When you are analyzing variables, you will want to think carefully about whether you should be looking at row percentages, column percentages, or cell percentages.

Creating new variables

You can create new variables using the generate command. For example:

gen highfatal = fatal_rate > 1.5

This creates a variable equal to 1 when the condition is true, and 0 otherwise.

You could create the same variable in a slightly different way:

gen highfatal = 1         if fatal_rate > 1.5 
  replace highfatal = 0   if fatal_rate < 1.5

Videos

Lab 1 Overview

Lab Exercise 1

First, work through the above steps. Then, work through the 7 questions below.

What do I submit?

  1. Your written up answers to exercise questions (1) - (7). This can be typed or written out then scanned (or photographed), in any reasonable format
  2. A log file that contains the results from the steps prior to the exercise and the exercise itself.
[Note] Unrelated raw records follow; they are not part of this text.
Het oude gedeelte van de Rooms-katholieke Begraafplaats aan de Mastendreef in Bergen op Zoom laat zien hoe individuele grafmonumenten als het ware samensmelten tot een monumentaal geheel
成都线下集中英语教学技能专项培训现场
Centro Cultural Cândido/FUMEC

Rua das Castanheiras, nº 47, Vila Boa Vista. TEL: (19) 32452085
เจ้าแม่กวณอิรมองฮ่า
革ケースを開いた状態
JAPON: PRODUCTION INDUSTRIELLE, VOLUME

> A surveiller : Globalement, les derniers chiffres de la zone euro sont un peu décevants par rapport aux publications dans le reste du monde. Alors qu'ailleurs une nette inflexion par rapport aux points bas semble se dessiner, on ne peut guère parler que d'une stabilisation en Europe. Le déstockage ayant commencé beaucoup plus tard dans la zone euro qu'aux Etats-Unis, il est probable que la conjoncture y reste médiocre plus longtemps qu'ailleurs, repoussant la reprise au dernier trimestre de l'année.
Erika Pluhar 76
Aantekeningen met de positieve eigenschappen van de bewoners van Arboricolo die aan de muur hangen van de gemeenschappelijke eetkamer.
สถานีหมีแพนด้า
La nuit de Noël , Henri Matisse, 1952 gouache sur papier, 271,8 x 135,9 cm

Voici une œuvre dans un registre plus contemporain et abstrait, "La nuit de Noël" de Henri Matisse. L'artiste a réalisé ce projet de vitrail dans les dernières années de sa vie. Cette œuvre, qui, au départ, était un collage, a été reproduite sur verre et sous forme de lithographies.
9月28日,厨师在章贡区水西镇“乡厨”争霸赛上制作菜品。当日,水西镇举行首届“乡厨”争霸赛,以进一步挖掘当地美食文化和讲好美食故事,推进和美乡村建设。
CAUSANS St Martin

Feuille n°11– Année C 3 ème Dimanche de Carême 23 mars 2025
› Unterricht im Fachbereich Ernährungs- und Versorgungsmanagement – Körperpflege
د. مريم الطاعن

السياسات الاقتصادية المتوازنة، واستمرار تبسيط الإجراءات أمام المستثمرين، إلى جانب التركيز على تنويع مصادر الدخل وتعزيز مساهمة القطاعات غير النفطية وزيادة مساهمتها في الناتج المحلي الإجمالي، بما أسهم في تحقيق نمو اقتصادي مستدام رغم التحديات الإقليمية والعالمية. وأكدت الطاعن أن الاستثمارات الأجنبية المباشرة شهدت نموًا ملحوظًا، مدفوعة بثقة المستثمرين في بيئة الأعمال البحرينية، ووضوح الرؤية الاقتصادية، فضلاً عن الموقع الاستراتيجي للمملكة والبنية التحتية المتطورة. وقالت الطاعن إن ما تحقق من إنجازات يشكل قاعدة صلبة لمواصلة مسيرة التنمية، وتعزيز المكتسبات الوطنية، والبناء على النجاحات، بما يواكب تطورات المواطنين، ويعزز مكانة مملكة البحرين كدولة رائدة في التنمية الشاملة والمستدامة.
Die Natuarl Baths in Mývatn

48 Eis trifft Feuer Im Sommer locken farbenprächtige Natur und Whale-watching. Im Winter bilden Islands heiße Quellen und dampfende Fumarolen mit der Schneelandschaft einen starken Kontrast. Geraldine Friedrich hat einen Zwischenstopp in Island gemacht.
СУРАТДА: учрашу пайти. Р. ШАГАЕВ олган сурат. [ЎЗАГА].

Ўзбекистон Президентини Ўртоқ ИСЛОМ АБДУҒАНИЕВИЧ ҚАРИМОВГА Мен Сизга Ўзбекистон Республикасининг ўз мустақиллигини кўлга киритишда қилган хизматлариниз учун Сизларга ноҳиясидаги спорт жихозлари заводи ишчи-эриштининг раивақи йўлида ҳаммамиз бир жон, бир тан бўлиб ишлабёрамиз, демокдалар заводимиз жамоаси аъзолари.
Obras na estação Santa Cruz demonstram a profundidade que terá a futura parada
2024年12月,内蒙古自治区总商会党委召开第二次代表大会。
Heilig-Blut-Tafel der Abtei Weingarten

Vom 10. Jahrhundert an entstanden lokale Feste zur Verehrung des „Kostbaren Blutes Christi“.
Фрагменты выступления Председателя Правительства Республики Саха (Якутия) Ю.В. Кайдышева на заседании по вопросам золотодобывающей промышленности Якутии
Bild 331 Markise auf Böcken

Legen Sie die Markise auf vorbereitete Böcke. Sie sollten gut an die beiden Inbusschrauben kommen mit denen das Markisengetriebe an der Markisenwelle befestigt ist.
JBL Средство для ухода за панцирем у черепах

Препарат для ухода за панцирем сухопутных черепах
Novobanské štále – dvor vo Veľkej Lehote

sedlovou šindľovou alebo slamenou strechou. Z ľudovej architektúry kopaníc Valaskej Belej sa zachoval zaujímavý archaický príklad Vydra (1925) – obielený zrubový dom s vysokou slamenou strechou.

If you struggled or explored, this might get excessively long! Three choices (1) submit it anyways, (2) open it in a text editor manually delete the nonsense, (3) close your log file and start a new one, and this time run through your code with less backtracking. Option (1) is completely fine.

Questions

  1. How many states have graduated drivers license laws (GDLs)? How many states have speed limits of 70 mph or higher (including no speed limit)?

  2. What percentage of states with GDLs and with low speed limits (below 70 mph) have blood-alcohol limits of 0.10 (the more lenient level)? Note that some states have blood-alcohol limit for a fraction of a year. If so, consider having a limit of 0.10 in place for part of the year as having a limit

  3. What is the mean fatality rate per 100 million miles across all states? What is the standard deviation?

  4. What was the fatality rate (deaths per 100 million miles) in Vermont? (Vermont is state 46)

  5. Generate a variable $Y$ equal to one if a state has a fatality rate per 100 million miles that is above the mean, and zero otherwise. What is $E(Y)$?

  6. Write a joint probability distribution table for the following two random variables: $X$, a random variable equal to one if a state has a speed limit of 70 or greater and zero otherwise (see sl70plus), and $Y$, the random variable developed in the previous part.

  7. Look up the command correlate in the help files: What is the correlation coefficient between nighttime fatalities per 100,000 population and weekend accidents per 100,000 population? Why might this correlation be so strong?


  1. This lab draws heavily on Anne Fitzpatrick’s (UMass-Boston) excellent materials. ↩︎

  2. Yes, this is a pain. ↩︎

  3. If you are tired of dealing with the “more” issue, you can enable set more off into the command window to enable continuous scrolling for your session. If you’re just done with it, try set more off, perm to enable continuous scrolling for this and all future sessions. ↩︎